EatSmartシステム部ブログ

ウェブサイトの開発や運営に関する情報です。

シナリオテストをやってみて

イートスマートの新人エンジニアが、今回はシナリオテストをやってみて学んだことを振り返っていきます。

シナリオテスト実施の背景

弊社が提供する料理教室情報サイト「クスパ」の方で、新たな機能を追加し、リリースさせるという流れがあります。

実施したシナリオテストについて

今回行うことになったシナリオテストでは、大きく二つの観点から検証が必要になります。
①料理教室を主催する「先生」の教室管理サイト側
②料理教室を探す「生徒」のユーザーサイト側

以下、実施したテストの一部になります。
・先生側のプラン変更に伴い、利用できるようになった機能のテスト
・生徒と先生の双方向性のあるコミュニケーション機能のテスト
SNS連携を利用した機能、投稿機能のシェアなどに関するテスト

各シナリオについて、デバイス毎(PC、iPhoneAndroid)によってテストを行いました。

シナリオのサンプルを作成してみる

ここで、もう少し具体的にイメージできるように実際のシナリオ形式に近いサンプルを作ってみます。 シナリオは、プロジェクトの管理者や実装するエンジニアなど複数人が見ることになるので、状況を再現しやすいように 記述するのが望ましいかと思います。f:id:eatsmart:20181121174540p:plain
この例では、生徒が料理教室を「お気に入り」登録→「お気に入り」した生徒に対し、先生がイベントを招待→生徒は、イベントの参加に対し、 意思表明ができる→先生は、「参加」を選んだ生徒にのみ「お礼メール」が遅れるというシナリオを想定しています。

スクリプトテストと探索的テスト

テストを実施していく中で、テストの手法としてどんなものがあるのか興味をもったので 調べてみました。

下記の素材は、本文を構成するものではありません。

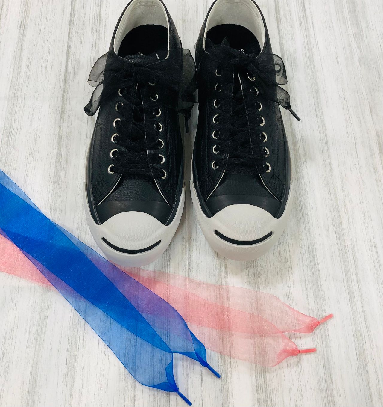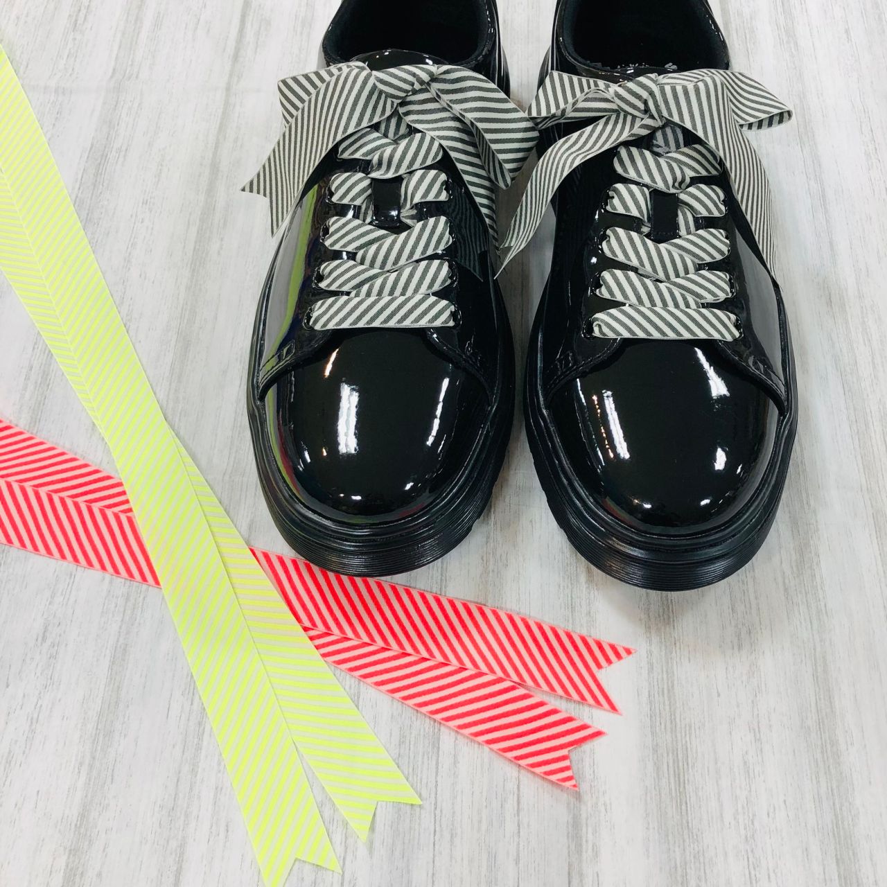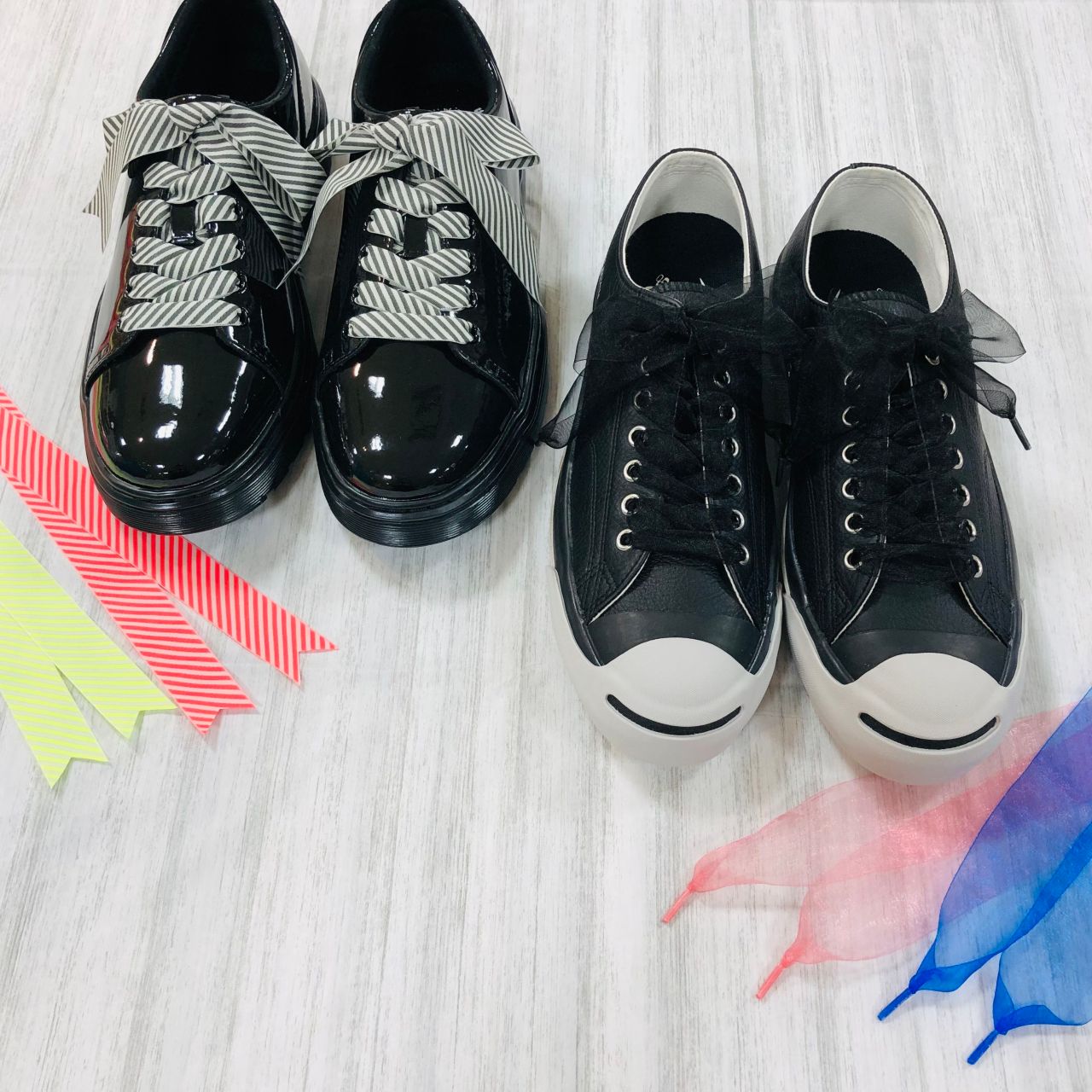 服や季節、イベントなどに合わせて、リボン靴ひもで色や素材感を楽しんではいかがでしょうか?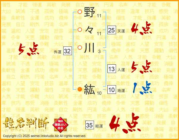 生活面を象徴する運勢です。外部から受ける影響力を表し、結婚運、家庭運や職場、環境への順応性を表します。総運から人運を引いた画数。姓や名が1文字の場合を除く。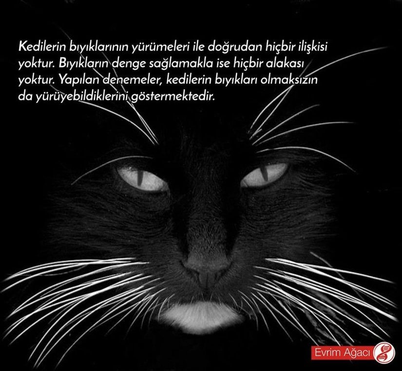 - Kedilerin bıyıkları yürümelerini veya dengelerini sağlamaz, bu işlev iç kulaktaki organlar tarafından gerçekleştirilir ve bıyıksız kediler de normal yürüyebilir.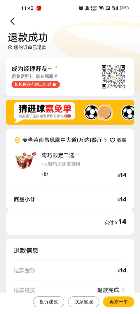 2、升级麦乐送服务,足不出户就能品尝美味。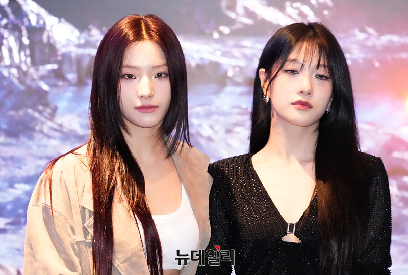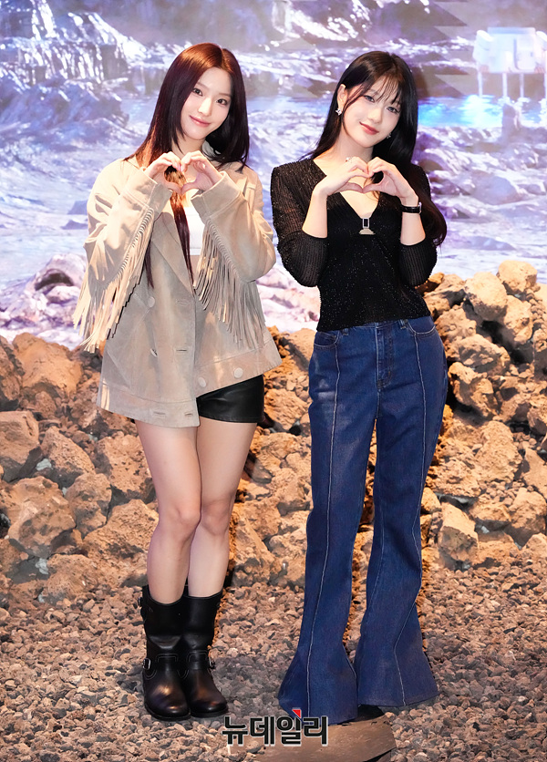 그룹 프로미스 나인 이새롬과 이서연이 30일 오후 서울 강남구에 마련된 체험형 플래그십 스토어 '스페이스 도산' 오픈 기념 포토월에서 포즈를 취하고 있다.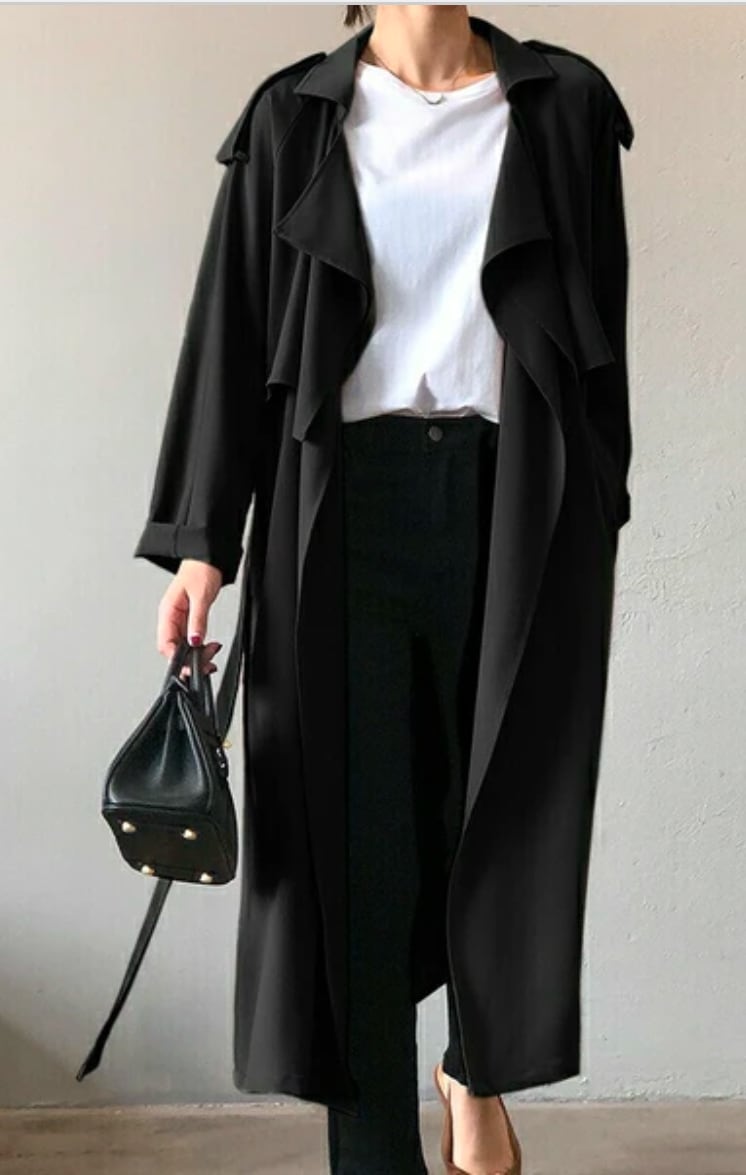 とろみ感あるしっとりなめらかな生地が上品なトレンチコート。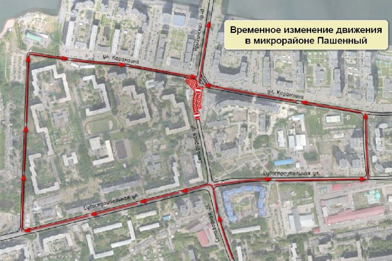 В красноярском микрорайоне Пашенный на неделю полностью перекроют для движения транспорта участок дороги по улице Семафорная в районе микрорайона Утиный плес — от перекрестка с улицей Карамзина до здания по улице Судостроительная, 137. Это связано с аварийно-восстановительными работами на сетях водоснабжения, сообщили в мэрии.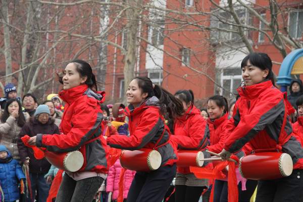 老师们的腰鼓队出场了!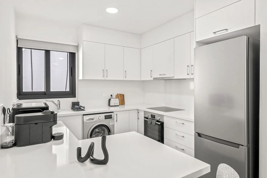 2-спальная  квартира с видом на море в центре Като Пафос, всего в 100 метрах от пляжа. Квартира расположена в самом сердце туристической зоны, в пешей доступности от набережной, порта, магазинов, ресторанов и всей необходимой инфраструктуры. Имеется крытая веранда с прекрасным видом на море. Кухня полностью оборудована техникой Bosch (холодильник, духовка, варочная панель, вытяжка, стиральная машина). Во всех комнатах установлены кондиционеры, есть система напора воды, двойные стеклопакеты, москитные сетки и жалюзи. Проживание с домашними животными не допускается. Квартира доступна с 1 мая 2026 года.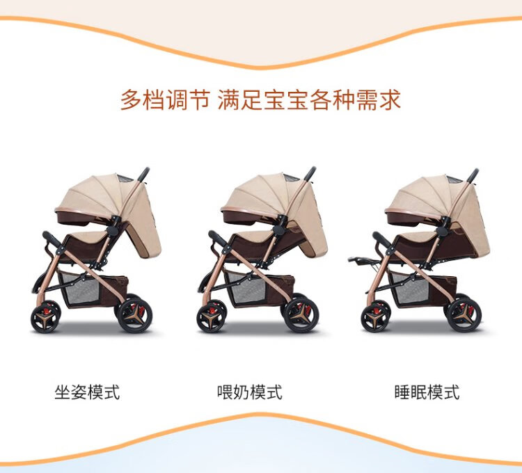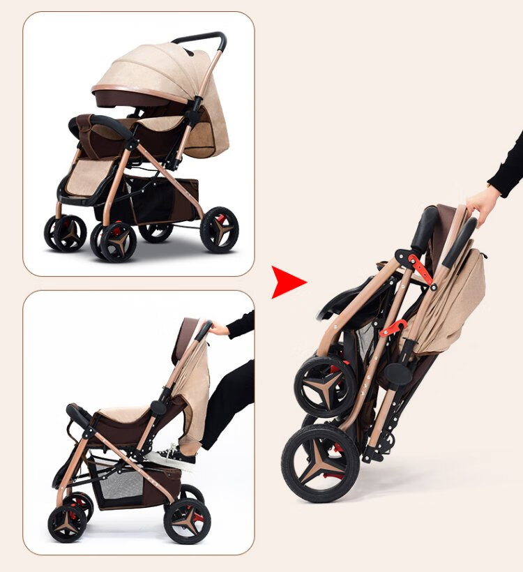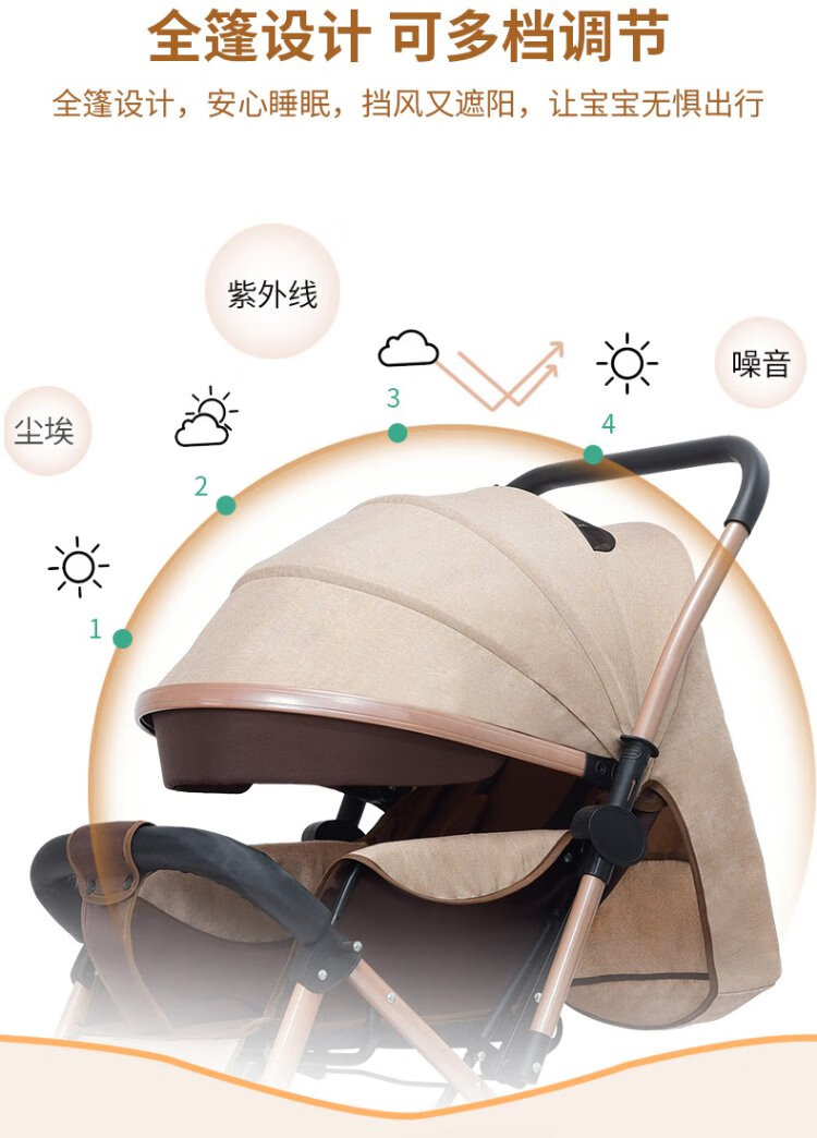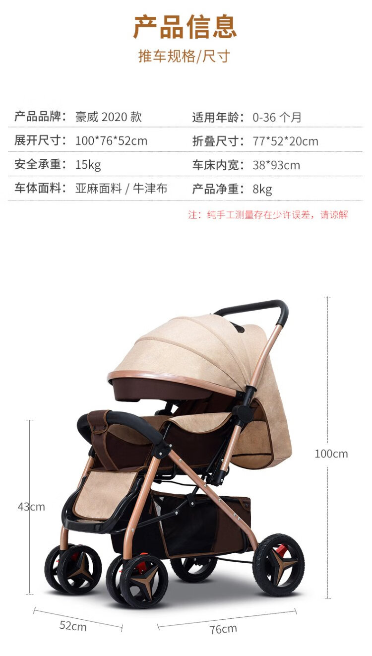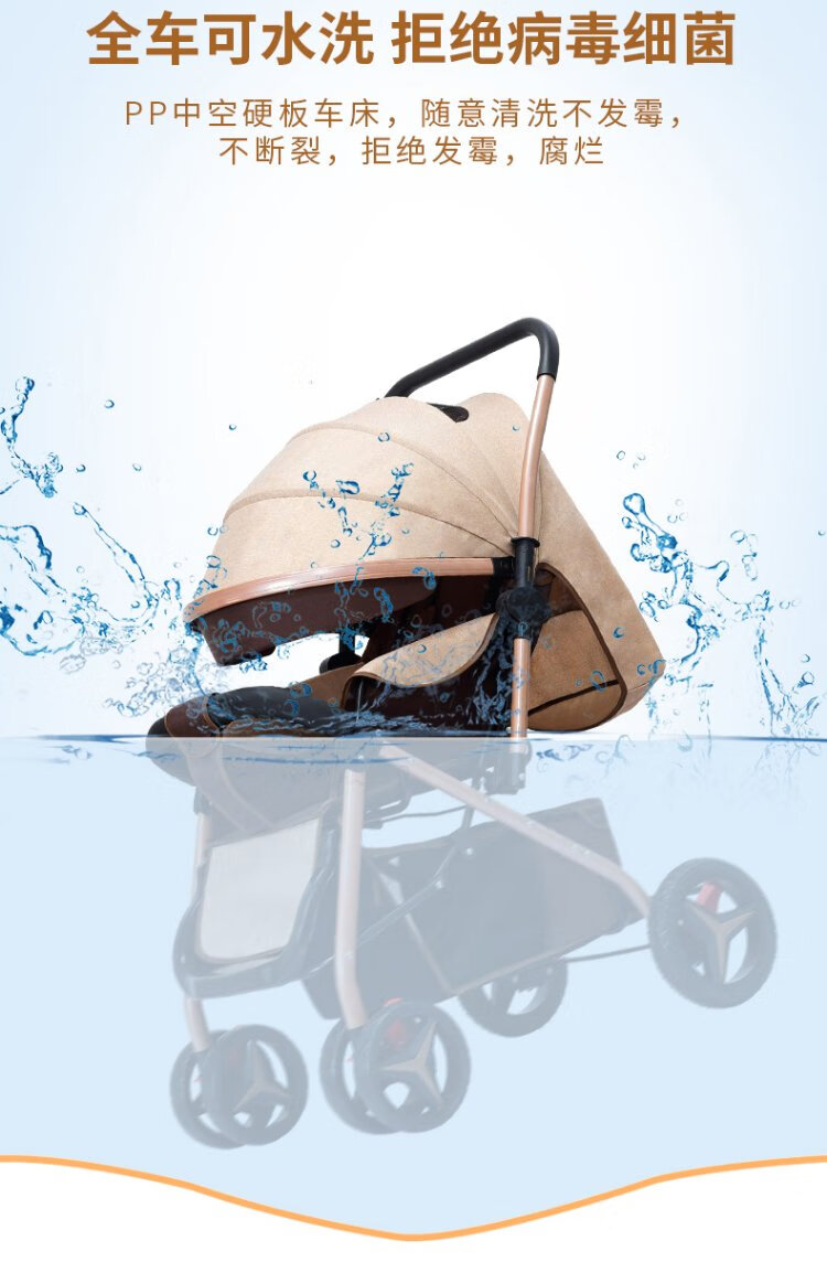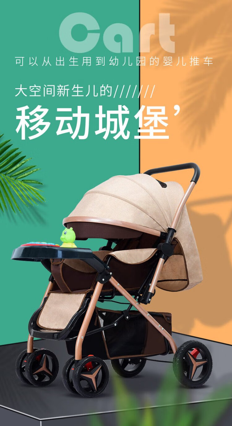 Haowei baby stroller can sit and lie down, two-way portable stroller 0-3 years old, lightweight BB stroller (the whole car is washable) Khaki + flagship model + two-way sit and lie down + music tray (the whole car is washable)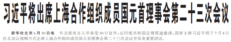 外交部发言人华春莹30日宣布:应印度共和国总理莫迪邀请,国家主席习近平将于7月4日在北京以视频方式出席上海合作组织成员国元首理事会第二十三次会议并发表重要讲话。(今日《人民日报》1版)

今回行ったシナリオテストは、いわゆるスクリプトテストに属するということがわかりました。あらかじめ設定したテストケース(シナリオ)を用意し、ドキュメントベースで動作確認を行っていきます。おそらく一般的にどこのWeb系企業も行っている手法でしょう。

スクリプトテストと対比される手法として、探索的テストというものがあります。 探索的テストは、あらかじめテストケースを用意せずに、テストを実施していく過程でテストケースを作っていくという手法になります。 メリットしては、膨大なテストケースを予め用意する必要がないこと、テストケースに縛られることなく、バグが潜んでいそうな分野に集中してその都度テスト内容を検討していけるという柔軟性があります。

探索的テストの導入の可能性

今回スクリプトテストを中心に行いましたが、振り返ってみて探索的テストを中心にプロジェクトに導入するというのは難しいと感じました。理由は以下の点になります。

①自分を含めテスターのサービス・機能に対する理解がテスト初期段階で浅かったため
②チェックする機能が広範囲にわたるため、網羅性を担保できない(ゆえに、不具合が潜んでいそうな部分の特定も難しい。)
③テスターとして動員できる人数、リリース時期のスケジュール感の問題

テスト終盤になってくるにつれて、サイトや機能についての理解が深まってきます。そのため、①の問題点は徐々にクリアする余地がでてきます。

まとめると、導入する場合は、スクリプトテストを一巡した後半で、③との兼ね合いを考慮し、同一のテスターが探索テストを実施してみるのはありではないでしょうか。

シナリオテストを実施してみての総括

シナリオテストをやってきて、最初はシナリオってこんなに在庫あるの!?って感じたり、多数のユーザー間の行き来していく中で、いま俺誰アカウントだっけ?となったり、テスターの苦労が少しわかった気がしています。そうすると、既に実施したテストでこういう問題があったから、次のテストもこうなるだろうという予測。あるいは、PCで確認した際に、スマホではどういう見え方になるんだろう?といった疑問が湧いたりします。時には、夢にも出てきます。そういった経験の中で、以前よりもテストの落とし所が見えてきたり、逆に新鮮な発見があったりします。普通に電車でスマホをいじってるだけでは、見過ごすようなものばかりです。

何よりも収穫であったのは、細かい部分に注目してサイトを見るようになるので、自社のサービス自体に詳しくなれたことだと思います。料理教室の先生と生徒双方のサイトを往復し、生徒になったり、先生になったりというような経験は日常でそう作れるものではありません。納期がある以上、テストを手際よくやっていくことも必要ですが、探索的にテストをしてみるという機会も作ってはいかがでしょうか。